I'd definitely agree the the 10th amendment was the counter-balance to all the expanded power of the Federal Government. That doesn't change the historical fact that coming from the Articles of Confederation the Federalists in support of the US Constitution had a primary goal of empowering the Federal government.

Obviously with limits of course, they didn't want government at any level to be absolute in power.

As far as a protecting their own sovereignty, I'm not so sure. I mean the US Constitution is pretty sweeping in giving up sovereignty. I certainly can agree on the last part though, that they obviously wanted the States to hold onto what wasn't covered (which was quite a bit).
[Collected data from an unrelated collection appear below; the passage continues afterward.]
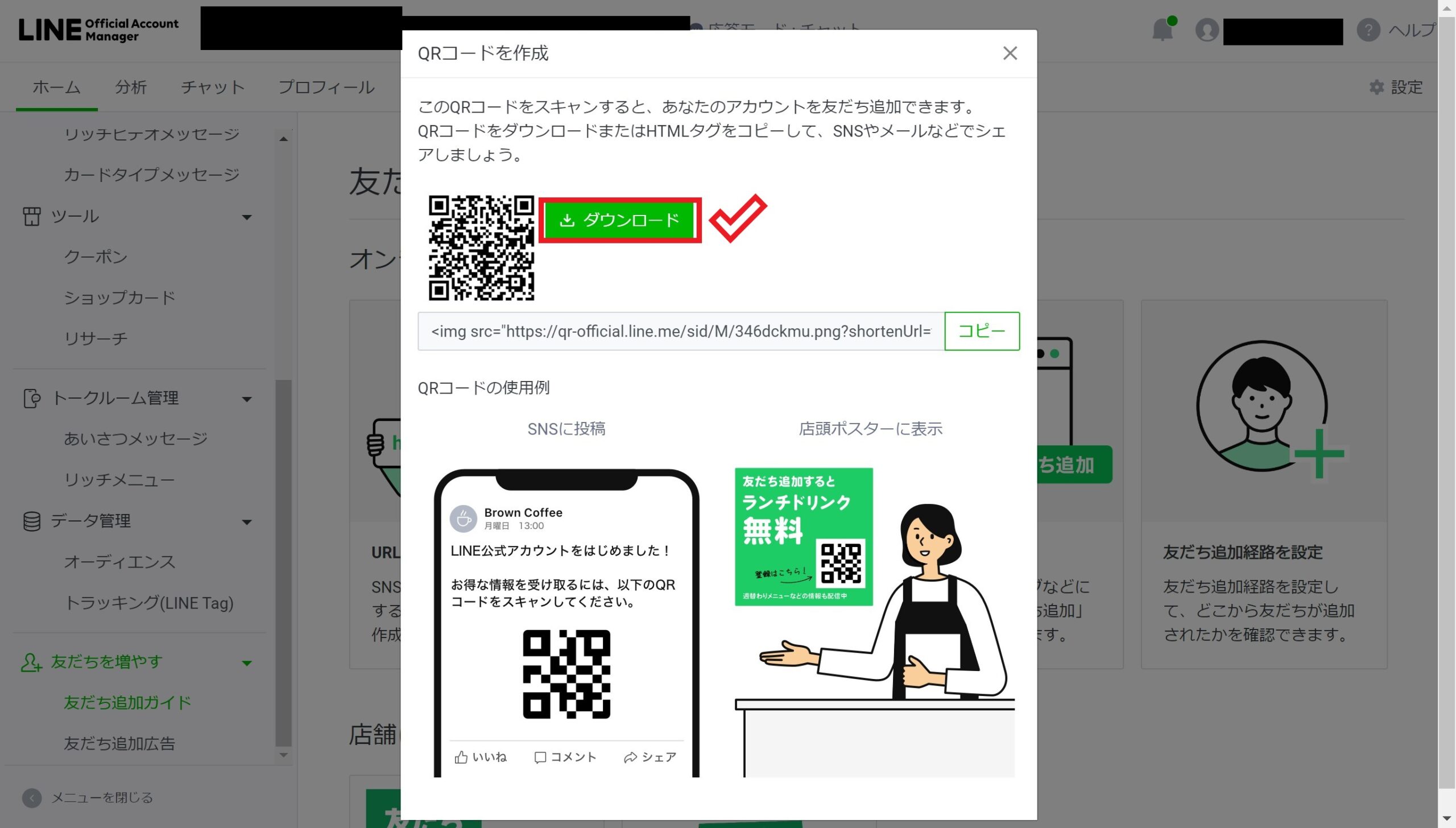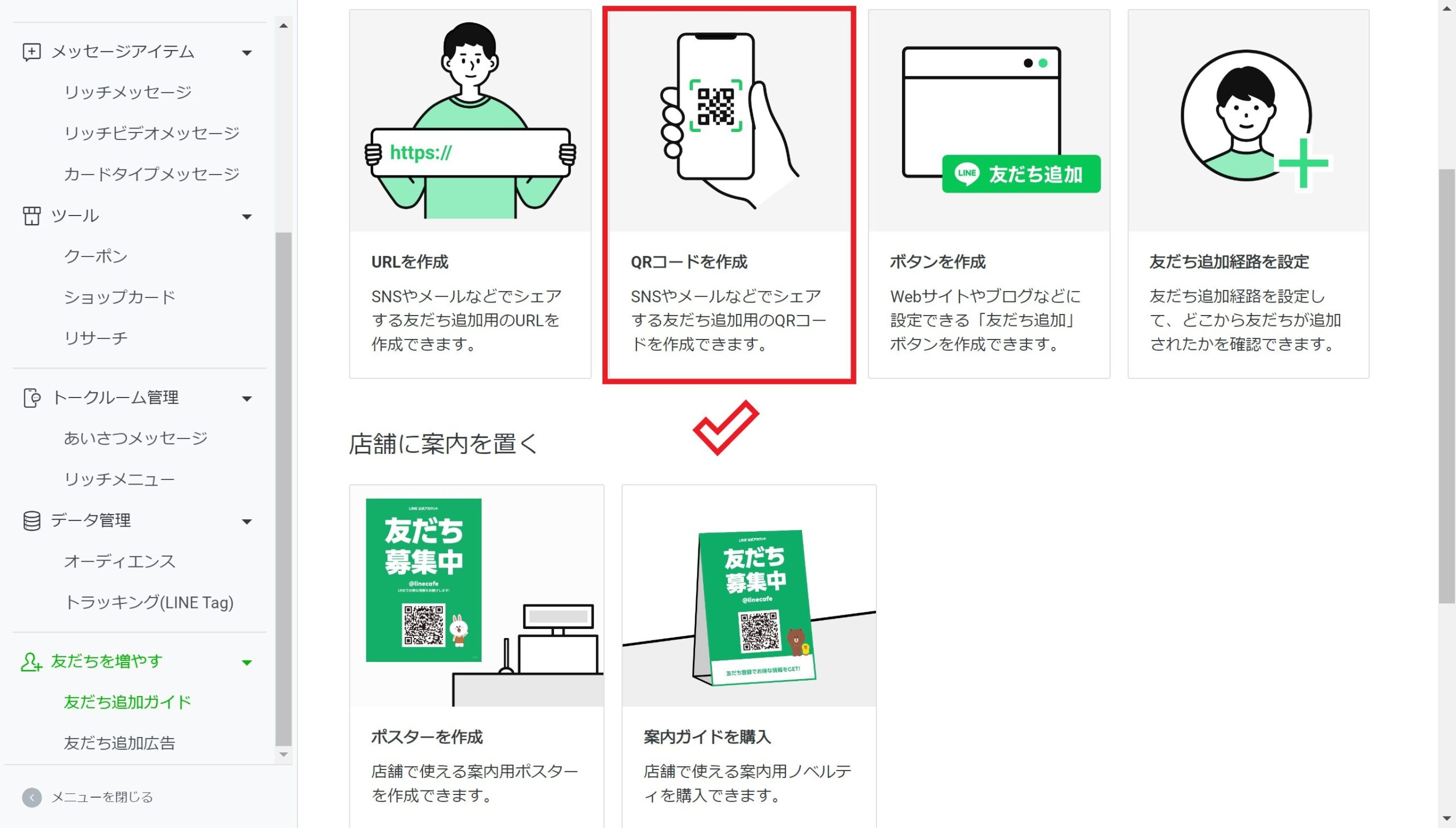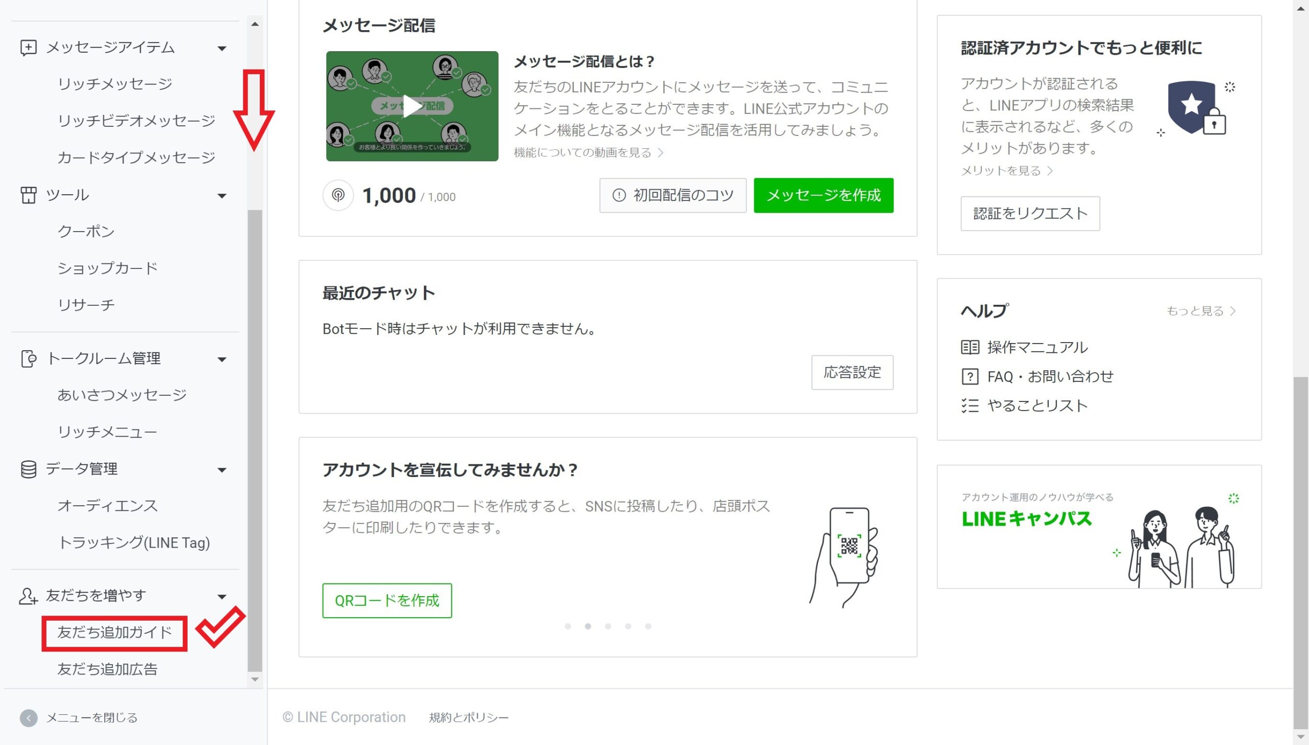 管理画面のトップに戻ったら、左側のバーを下にスクロールさせ、「友だち追加ガイド」をクリックします。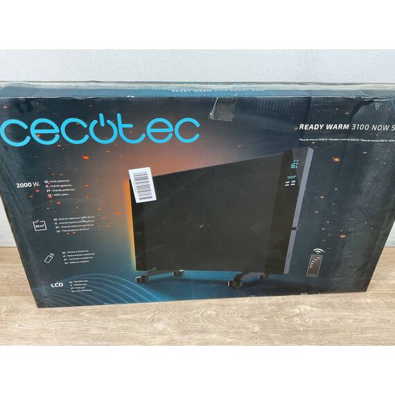 Radiador Eléctrico Bajo Consumo Cecotec Ready Warm 3100 Smart Now de 2000W (como nuevo, pequeño detalle: le faltan patas y un pequeño golpe frontal que no afecta funcionamiento). Cuenta con pantalla LCD, temporizador regulable y 2 modos de calefacción, ideal para espacios de hasta 15 m².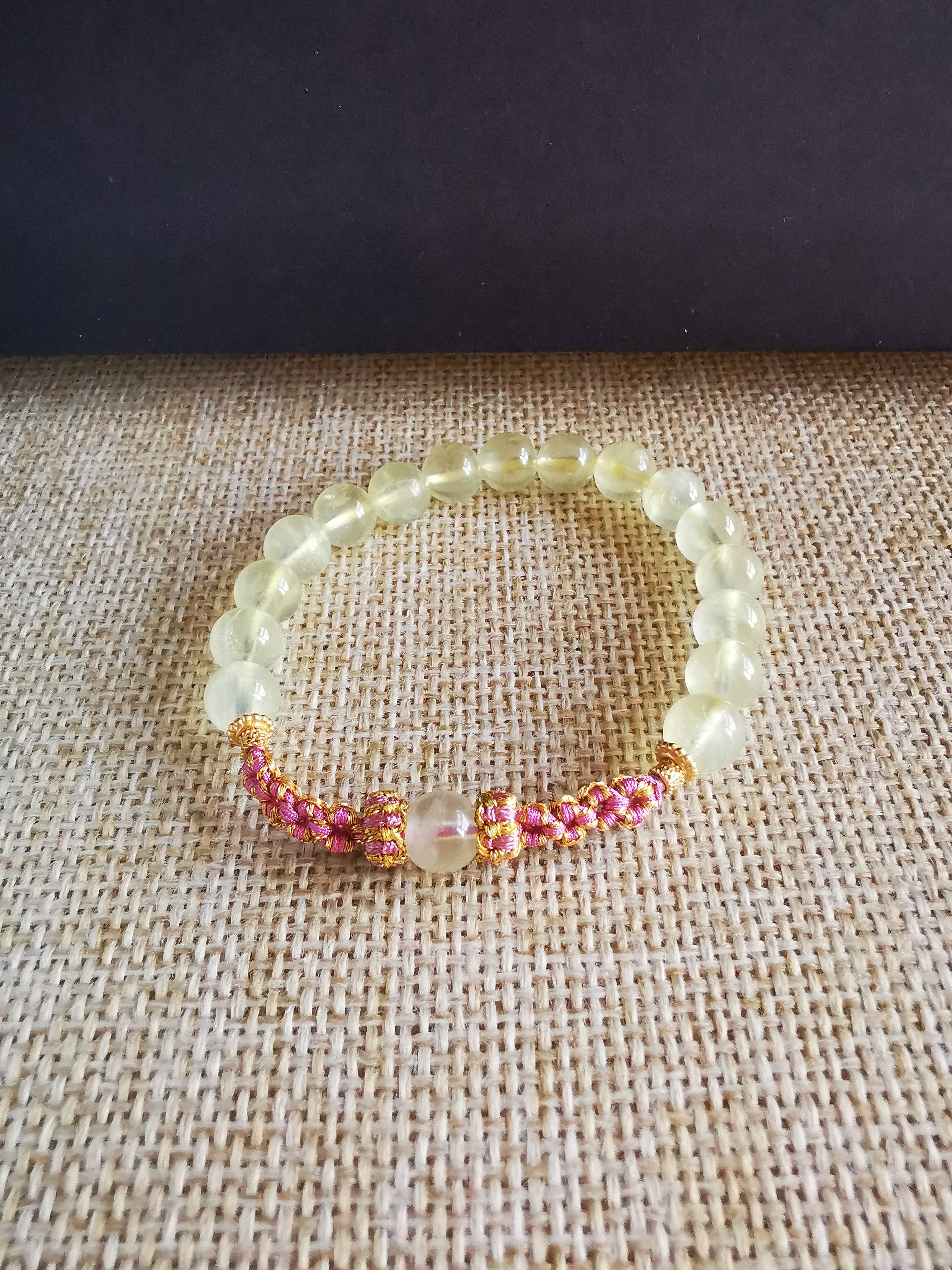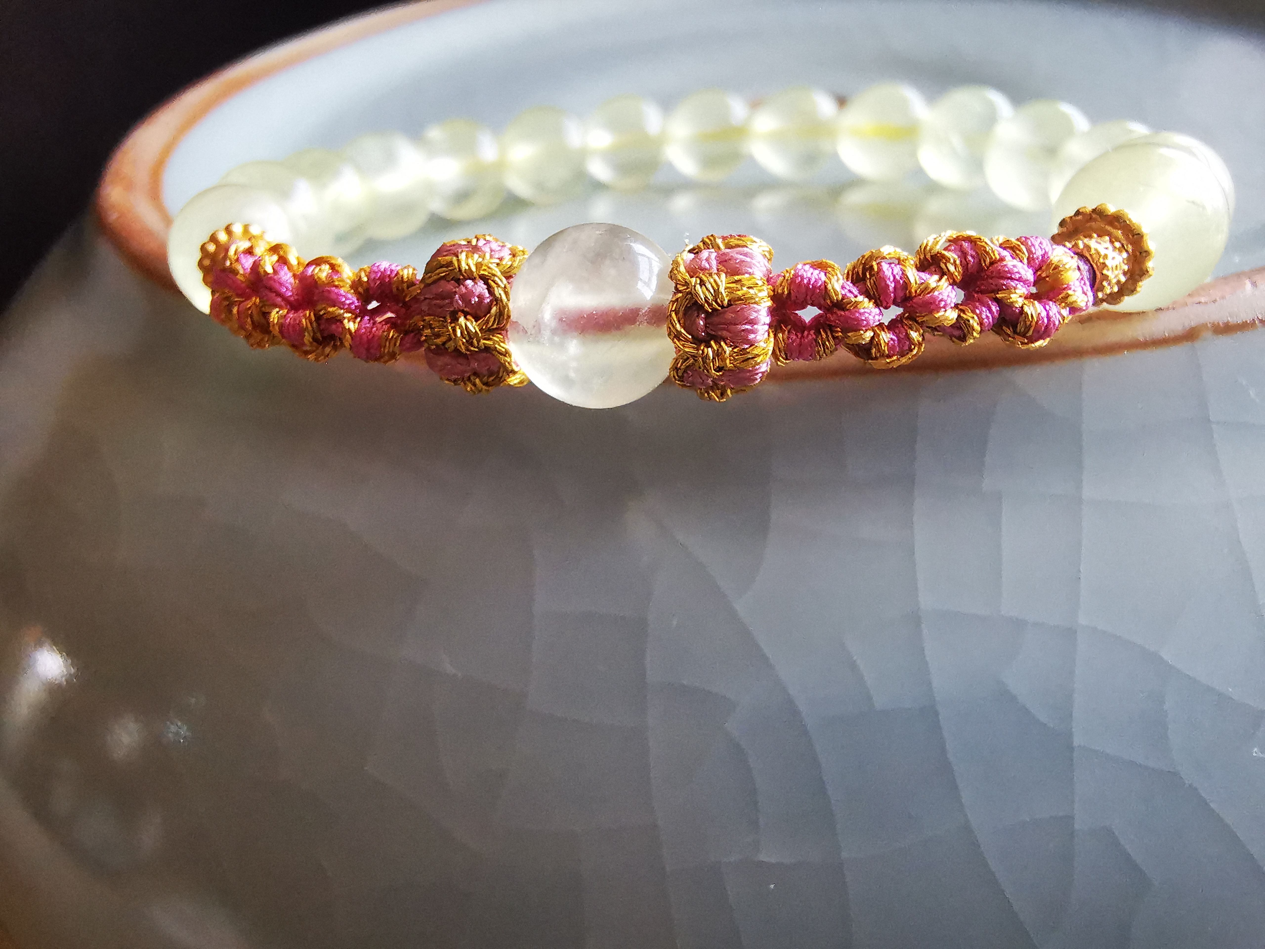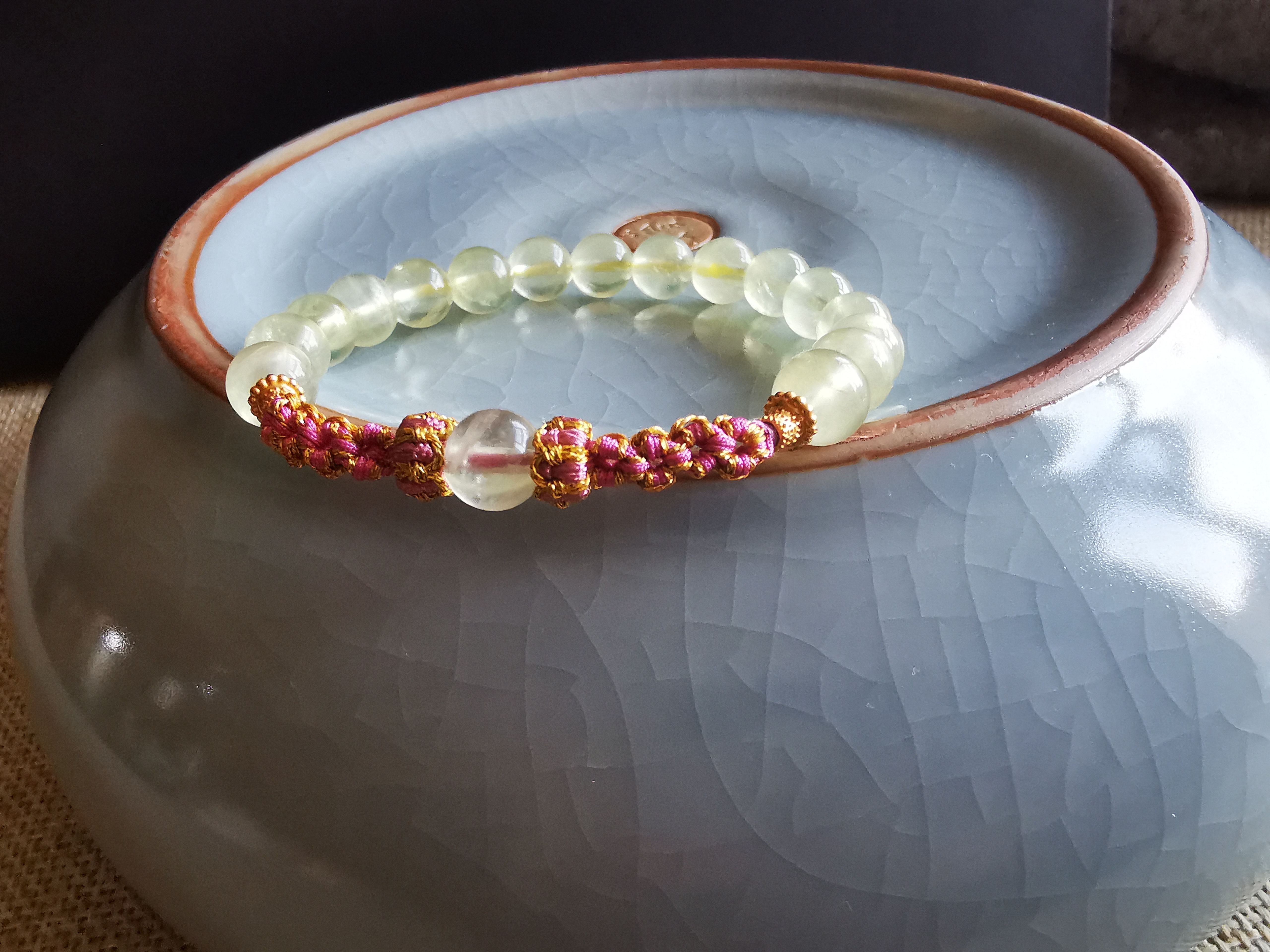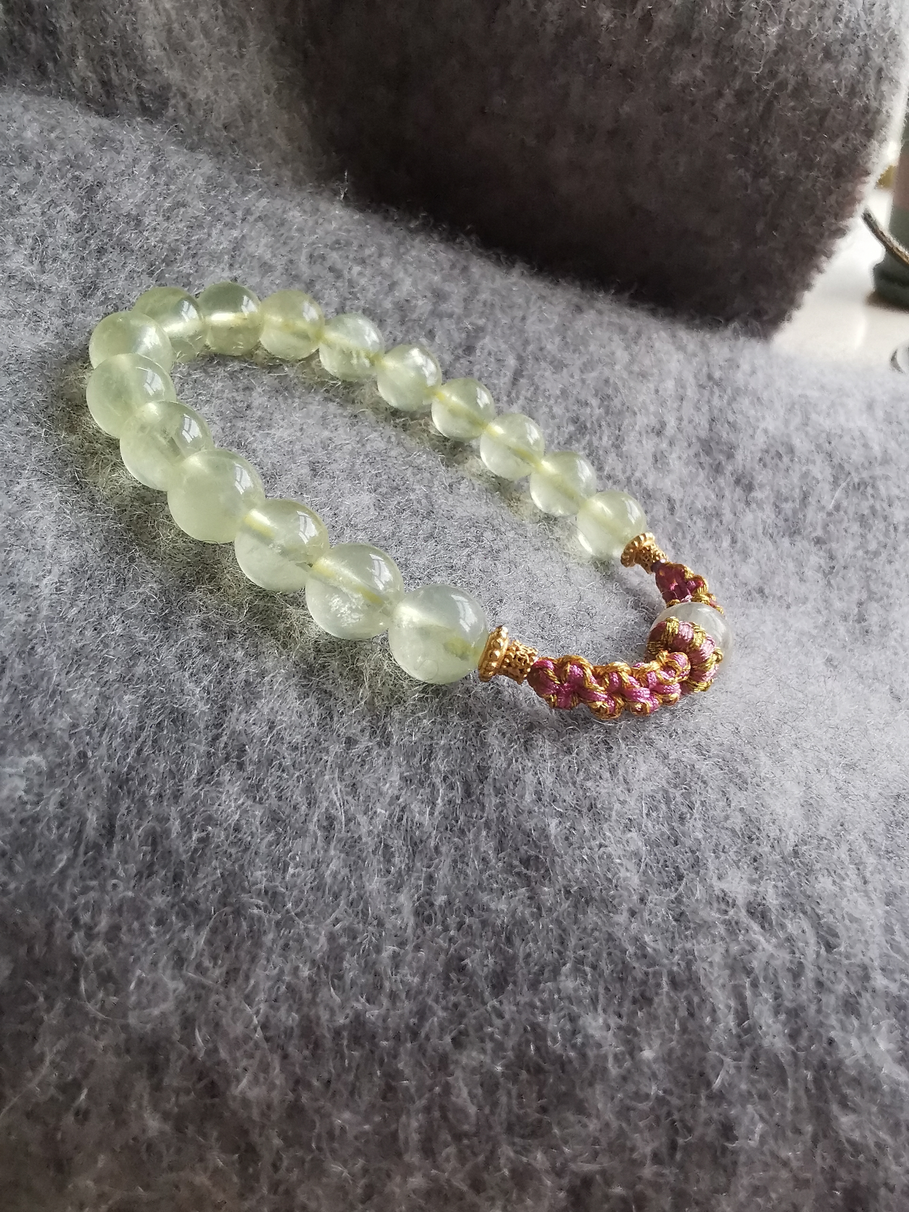 精选约8mm葡萄石圆珠17颗,925银隔珠4颗。纯手工精心编织中国结粉桃花。适合手围17cm之内。
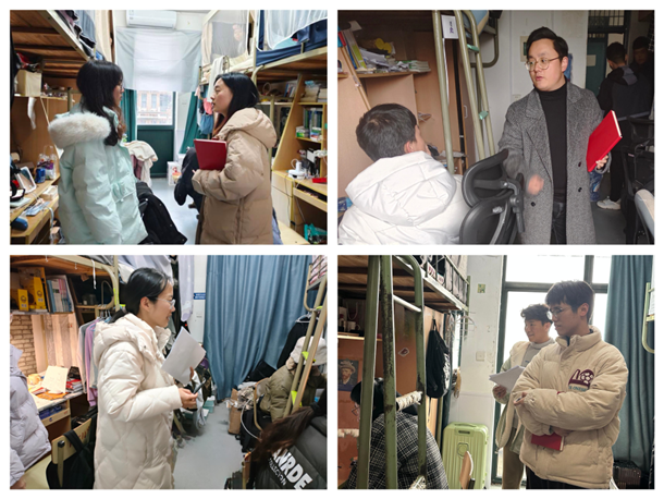 安全宣传暖心行动辐射全院272间员工寝室,旨在实现对全院1065名员工的安全宣传教育全覆盖。由辅导员和员工干部组成的五个行动组,全面排查了员工寝室在内务卫生、消防安全等方面的情况,对存在的隐患和问题予以登记,并加以督促整改。同时,行动组还向在寝员工逐个进行规范用电、严禁明火、水电分离等方面的安全宣传和普及教育,并鼓励同学们从自身做起,严守安全底线,从身边抓起,共建平安家园,真正将充满关怀和温暖的这份“平安礼”送进千宿万舍。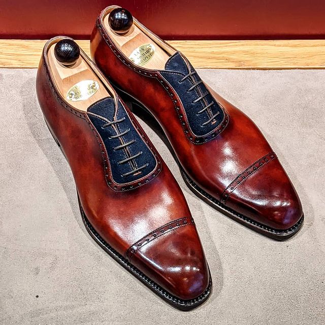 Italian-Oxford in Gold Museum Calf and Blue Suede Lace up Dress Shoes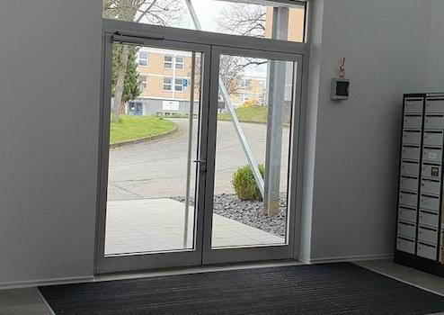 Über einen repräsentativen Eingang sowie einen Notausgang erreicht man die Büroräume.

I mean Article 1 Section 10 is pretty limiting on it's own

No state shall enter into any treaty, alliance, or confederation; grant letters of marque and reprisal; coin money; emit bills of credit; make anything but gold and silver coin a tender in payment of debts; pass any bill of attainder, ex post facto law, or law impairing the obligation of contracts, or grant any title of nobility.

No state shall, without the consent of the Congress, lay any imposts or duties on imports or exports, except what may be absolutely necessary for executing it's inspection laws: and the net produce of all duties and imposts, laid by any state on imports or exports, shall be for the use of the treasury of the United States; and all such laws shall be subject to the revision and control of the Congress.

No state shall, without the consent of Congress, lay any duty of tonnage, keep troops, or ships of war in time of peace, enter into any agreement or compact with another state, or with a foreign power, or engage in war, unless actually invaded, or in such imminent danger as will not admit of delay.
The bolded part is of interest of course since it prevents the States from banding together against the Federal government even. I mean look at that list of things... I think it's hard to suggest that a good portion of a States sovereignty isn't bound up in that list and there is much more conceded throughout the rest of the Constitution.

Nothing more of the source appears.